WORK REQUEST =
Leave out the images and set down the records below exactly.

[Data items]
******************************

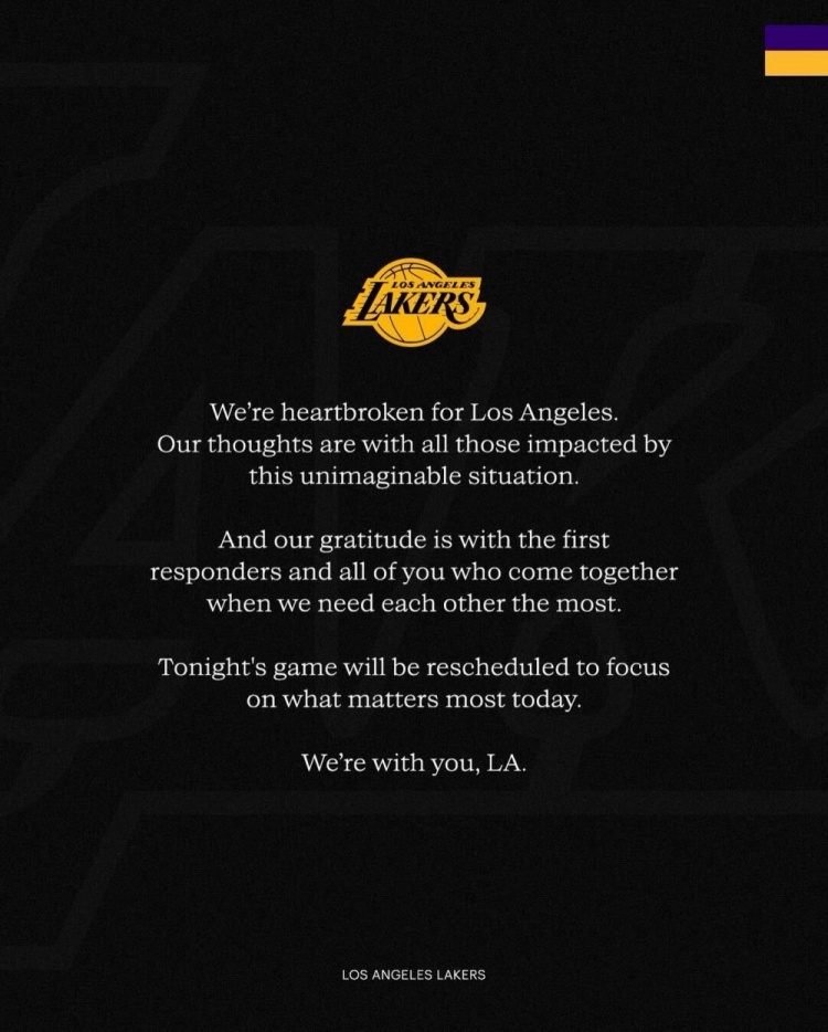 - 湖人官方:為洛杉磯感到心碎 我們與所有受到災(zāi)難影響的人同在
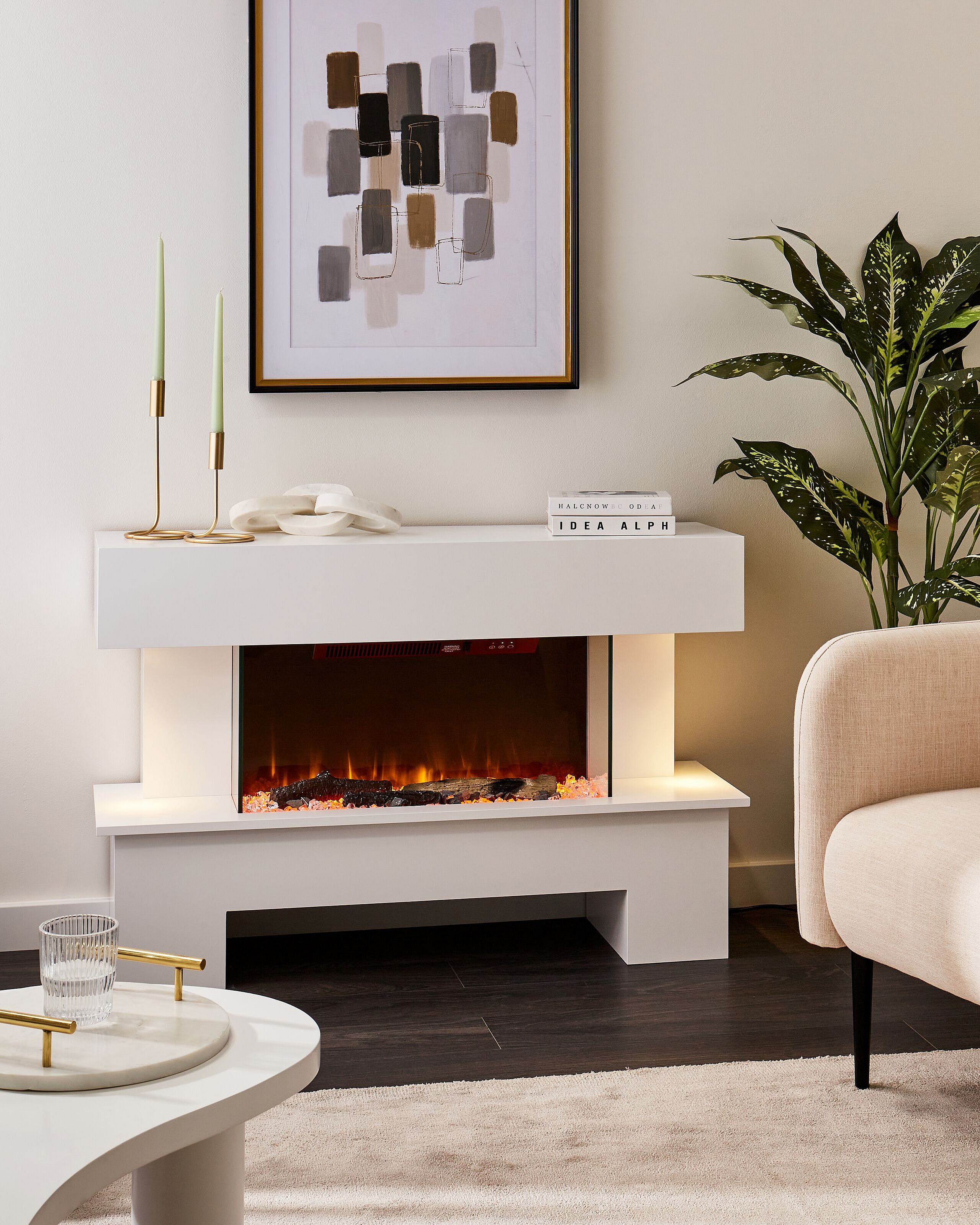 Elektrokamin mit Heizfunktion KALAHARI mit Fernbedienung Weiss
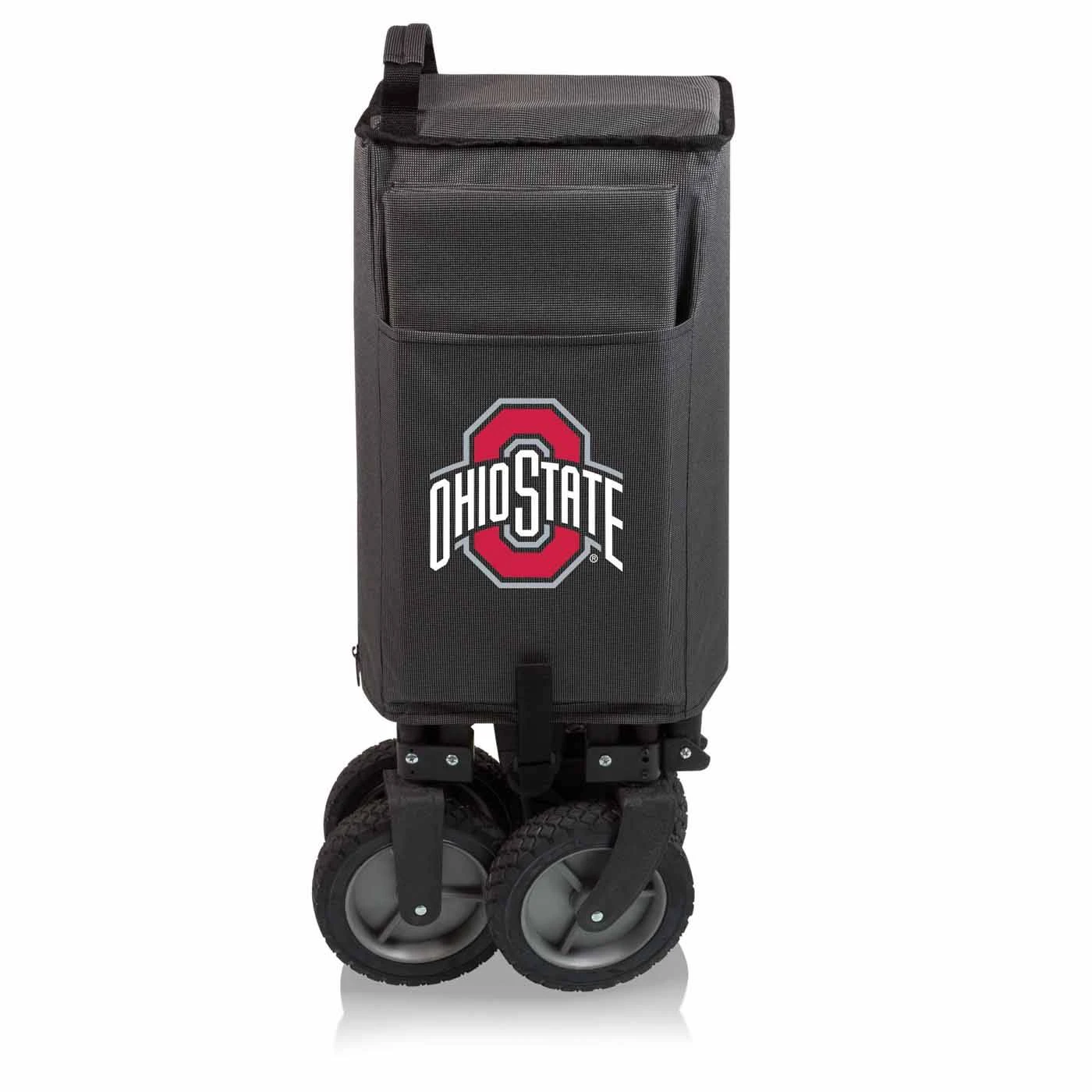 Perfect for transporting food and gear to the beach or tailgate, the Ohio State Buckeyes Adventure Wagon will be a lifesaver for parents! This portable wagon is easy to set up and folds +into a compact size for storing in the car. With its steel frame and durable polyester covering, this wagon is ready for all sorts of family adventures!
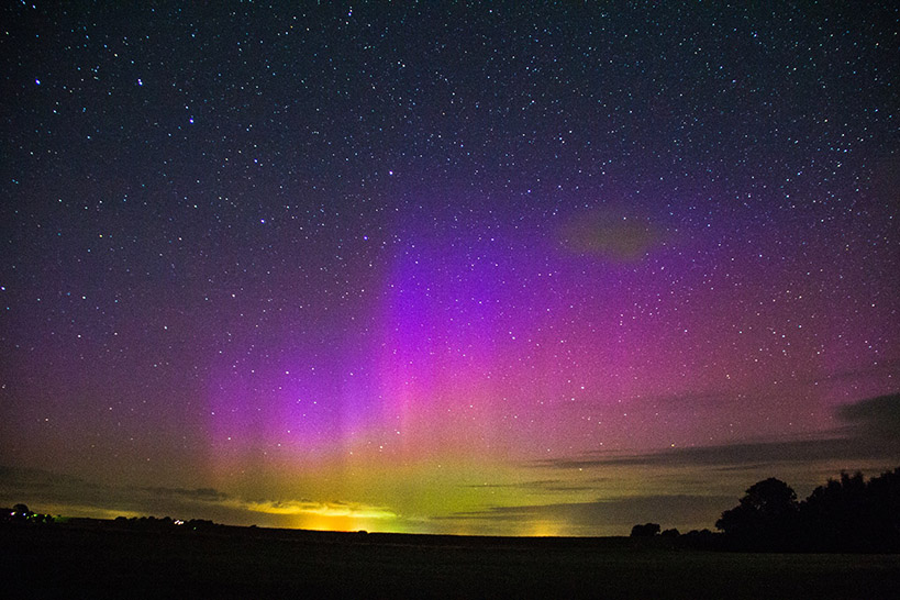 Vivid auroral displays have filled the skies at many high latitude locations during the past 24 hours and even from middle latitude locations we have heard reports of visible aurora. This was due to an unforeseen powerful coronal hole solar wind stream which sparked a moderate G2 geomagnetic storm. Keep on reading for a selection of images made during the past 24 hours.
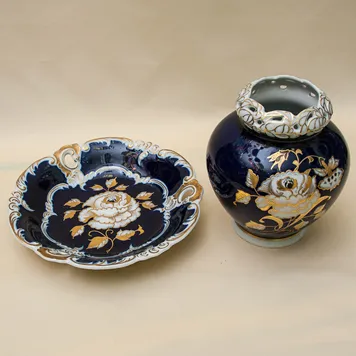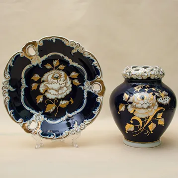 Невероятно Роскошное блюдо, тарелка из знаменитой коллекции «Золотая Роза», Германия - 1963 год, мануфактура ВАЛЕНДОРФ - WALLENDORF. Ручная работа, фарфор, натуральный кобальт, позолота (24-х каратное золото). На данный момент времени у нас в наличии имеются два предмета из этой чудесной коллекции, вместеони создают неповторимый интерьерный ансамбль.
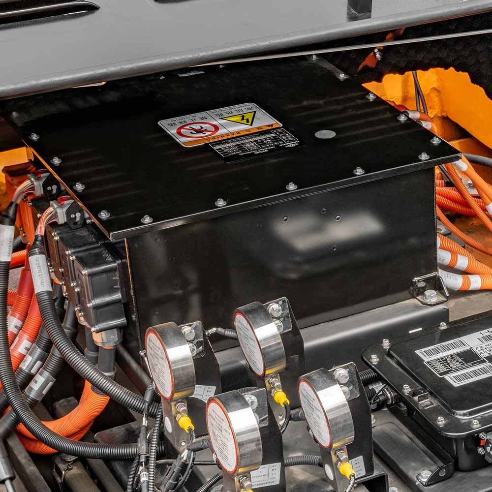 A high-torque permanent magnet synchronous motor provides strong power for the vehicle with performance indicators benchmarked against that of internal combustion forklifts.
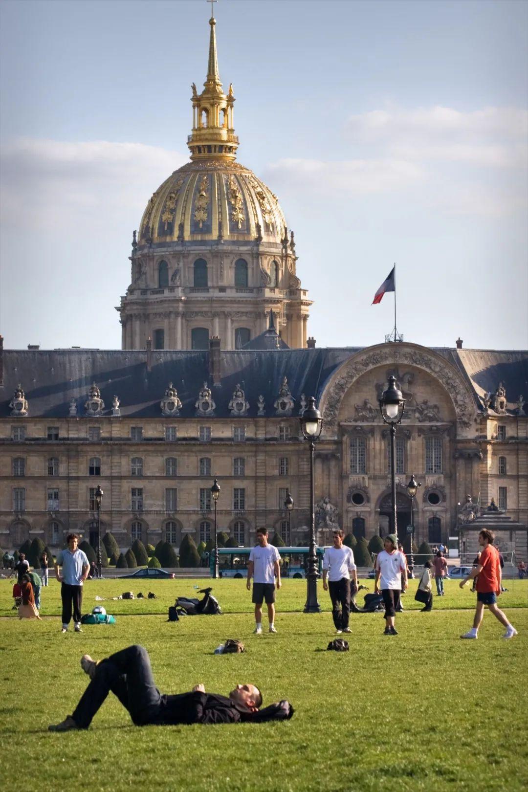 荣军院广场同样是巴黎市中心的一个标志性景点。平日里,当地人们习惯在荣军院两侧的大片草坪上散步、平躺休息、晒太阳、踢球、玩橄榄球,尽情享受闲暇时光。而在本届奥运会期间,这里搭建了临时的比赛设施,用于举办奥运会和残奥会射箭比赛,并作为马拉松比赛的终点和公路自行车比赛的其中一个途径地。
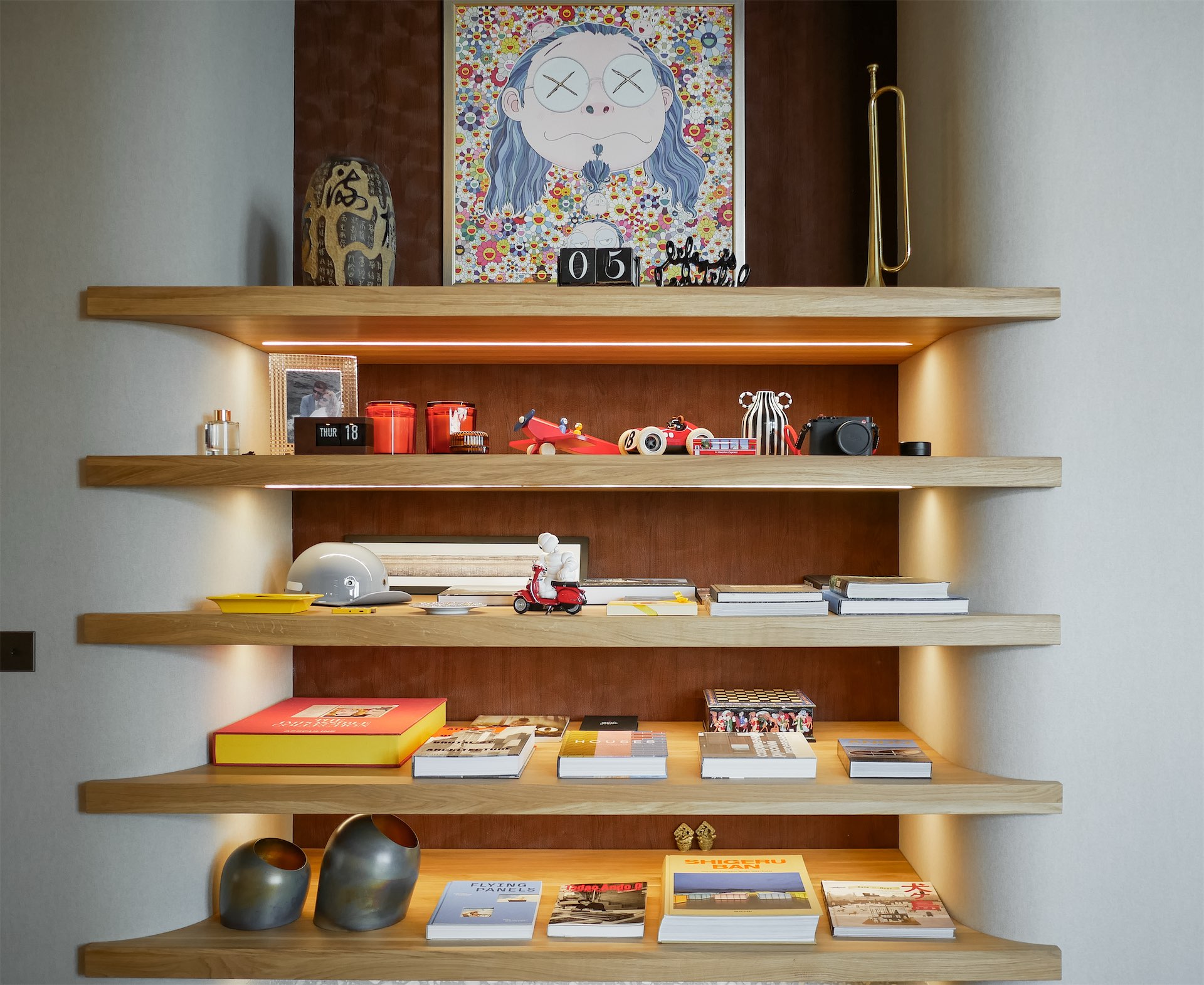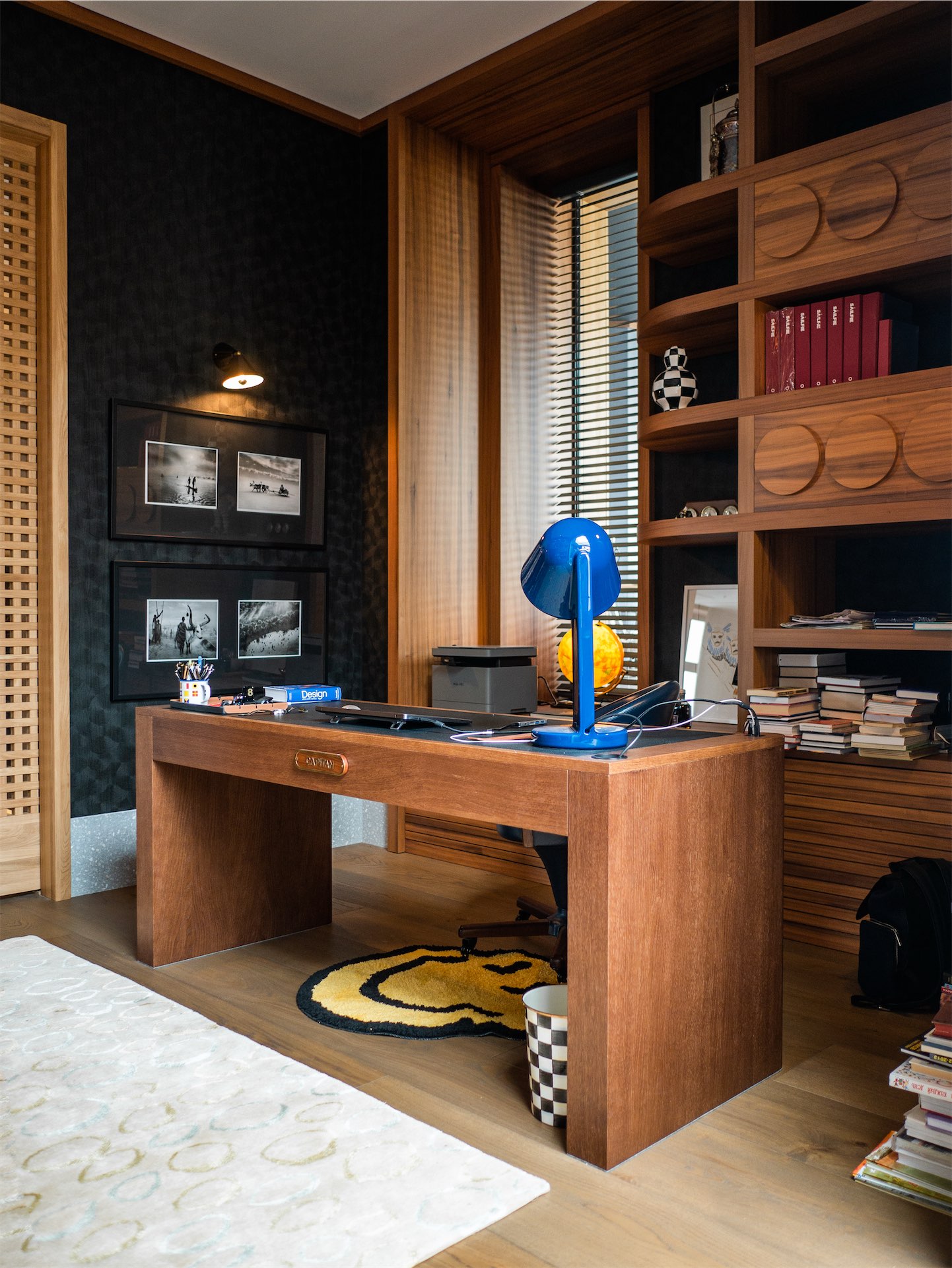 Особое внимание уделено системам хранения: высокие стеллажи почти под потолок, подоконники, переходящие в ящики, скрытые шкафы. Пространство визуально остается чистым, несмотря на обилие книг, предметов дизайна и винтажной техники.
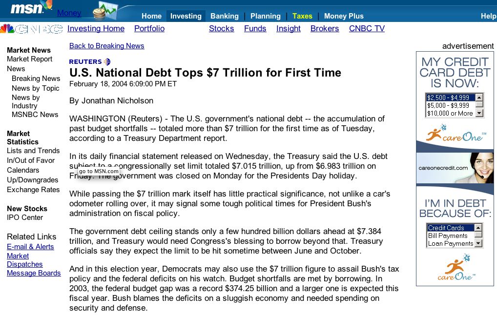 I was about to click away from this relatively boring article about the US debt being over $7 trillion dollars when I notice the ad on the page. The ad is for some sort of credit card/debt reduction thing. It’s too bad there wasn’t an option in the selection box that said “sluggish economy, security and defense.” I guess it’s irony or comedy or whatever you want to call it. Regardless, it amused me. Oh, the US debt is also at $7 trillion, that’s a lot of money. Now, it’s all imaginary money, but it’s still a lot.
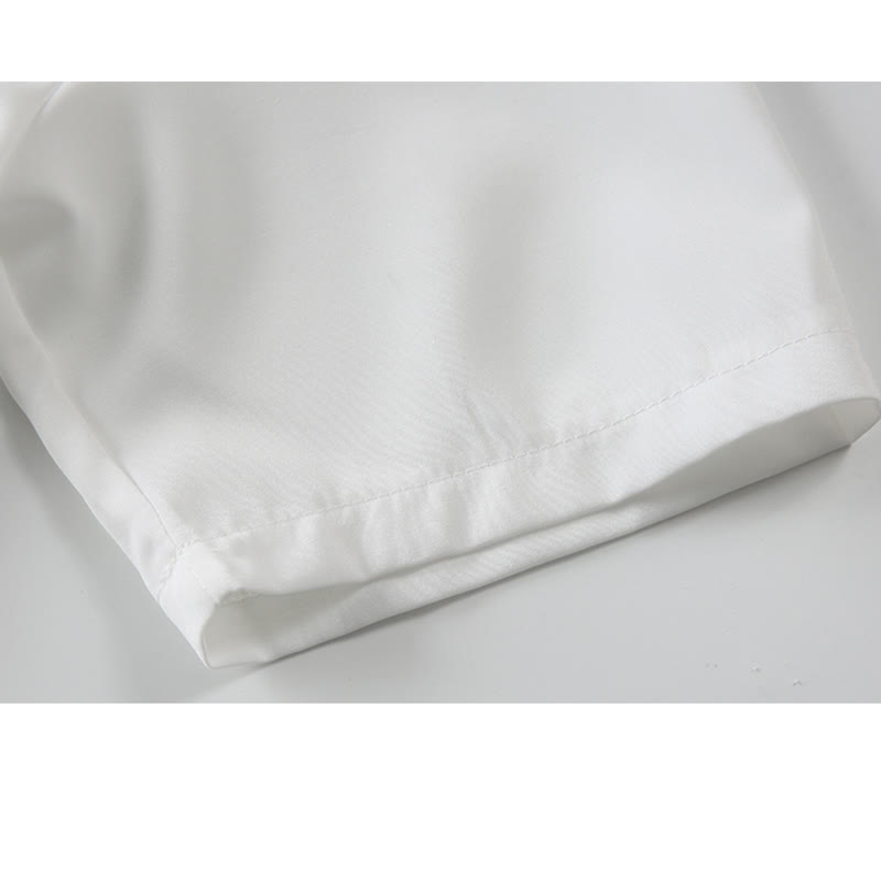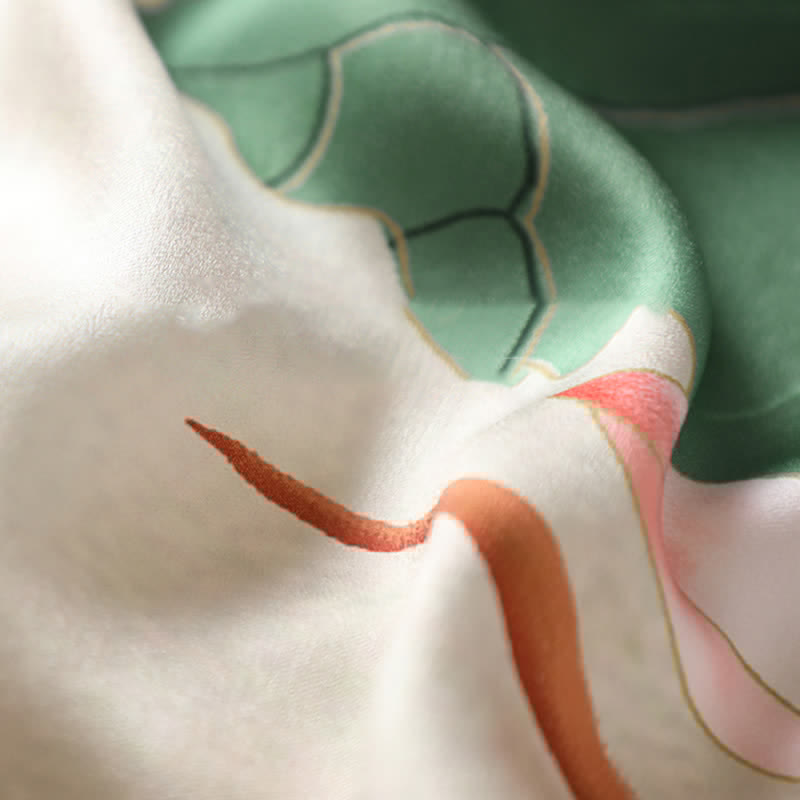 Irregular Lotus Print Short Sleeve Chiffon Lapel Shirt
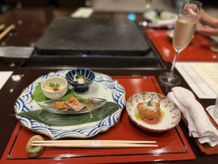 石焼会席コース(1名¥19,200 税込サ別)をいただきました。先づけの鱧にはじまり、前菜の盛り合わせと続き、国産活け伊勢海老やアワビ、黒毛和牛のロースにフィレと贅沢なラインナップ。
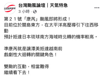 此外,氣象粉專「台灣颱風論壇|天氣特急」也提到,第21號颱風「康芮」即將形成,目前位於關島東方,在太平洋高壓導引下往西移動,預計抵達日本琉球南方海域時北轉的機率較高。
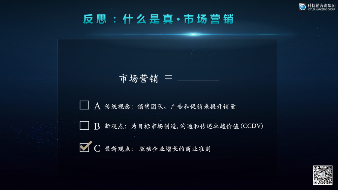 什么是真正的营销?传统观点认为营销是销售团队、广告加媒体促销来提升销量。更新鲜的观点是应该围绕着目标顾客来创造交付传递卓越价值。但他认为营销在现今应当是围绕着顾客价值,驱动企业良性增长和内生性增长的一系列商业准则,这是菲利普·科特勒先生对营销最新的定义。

******************************

YOUR RESPONSE =
 - 湖人官方:為洛杉磯感到心碎 我們與所有受到災(zāi)難影響的人同在
 Elektrokamin mit Heizfunktion KALAHARI mit Fernbedienung Weiss
 Perfect for transporting food and gear to the beach or tailgate, the Ohio State Buckeyes Adventure Wagon will be a lifesaver for parents! This portable wagon is easy to set up and folds +into a compact size for storing in the car. With its steel frame and durable polyester covering, this wagon is ready for all sorts of family adventures!
 Vivid auroral displays have filled the skies at many high latitude locations during the past 24 hours and even from middle latitude locations we have heard reports of visible aurora. This was due to an unforeseen powerful coronal hole solar wind stream which sparked a moderate G2 geomagnetic storm. Keep on reading for a selection of images made during the past 24 hours.
 Невероятно Роскошное блюдо, тарелка из знаменитой коллекции «Золотая Роза», Германия - 1963 год, мануфактура ВАЛЕНДОРФ - WALLENDORF. Ручная работа, фарфор, натуральный кобальт, позолота (24-х каратное золото). На данный момент времени у нас в наличии имеются два предмета из этой чудесной коллекции, вместеони создают неповторимый интерьерный ансамбль.
 A high-torque permanent magnet synchronous motor provides strong power for the vehicle with performance indicators benchmarked against that of internal combustion forklifts.
 荣军院广场同样是巴黎市中心的一个标志性景点。平日里,当地人们习惯在荣军院两侧的大片草坪上散步、平躺休息、晒太阳、踢球、玩橄榄球,尽情享受闲暇时光。而在本届奥运会期间,这里搭建了临时的比赛设施,用于举办奥运会和残奥会射箭比赛,并作为马拉松比赛的终点和公路自行车比赛的其中一个途径地。
 Особое внимание уделено системам хранения: высокие стеллажи почти под потолок, подоконники, переходящие в ящики, скрытые шкафы. Пространство визуально остается чистым, несмотря на обилие книг, предметов дизайна и винтажной техники.
 I was about to click away from this relatively boring article about the US debt being over $7 trillion dollars when I notice the ad on the page. The ad is for some sort of credit card/debt reduction thing. It’s too bad there wasn’t an option in the selection box that said “sluggish economy, security and defense.” I guess it’s irony or comedy or whatever you want to call it. Regardless, it amused me. Oh, the US debt is also at $7 trillion, that’s a lot of money. Now, it’s all imaginary money, but it’s still a lot.
 Irregular Lotus Print Short Sleeve Chiffon Lapel Shirt
 石焼会席コース(1名¥19,200 税込サ別)をいただきました。先づけの鱧にはじまり、前菜の盛り合わせと続き、国産活け伊勢海老やアワビ、黒毛和牛のロースにフィレと贅沢なラインナップ。
 此外,氣象粉專「台灣颱風論壇|天氣特急」也提到,第21號颱風「康芮」即將形成,目前位於關島東方,在太平洋高壓導引下往西移動,預計抵達日本琉球南方海域時北轉的機率較高。
 什么是真正的营销?传统观点认为营销是销售团队、广告加媒体促销来提升销量。更新鲜的观点是应该围绕着目标顾客来创造交付传递卓越价值。但他认为营销在现今应当是围绕着顾客价值,驱动企业良性增长和内生性增长的一系列商业准则,这是菲利普·科特勒先生对营销最新的定义。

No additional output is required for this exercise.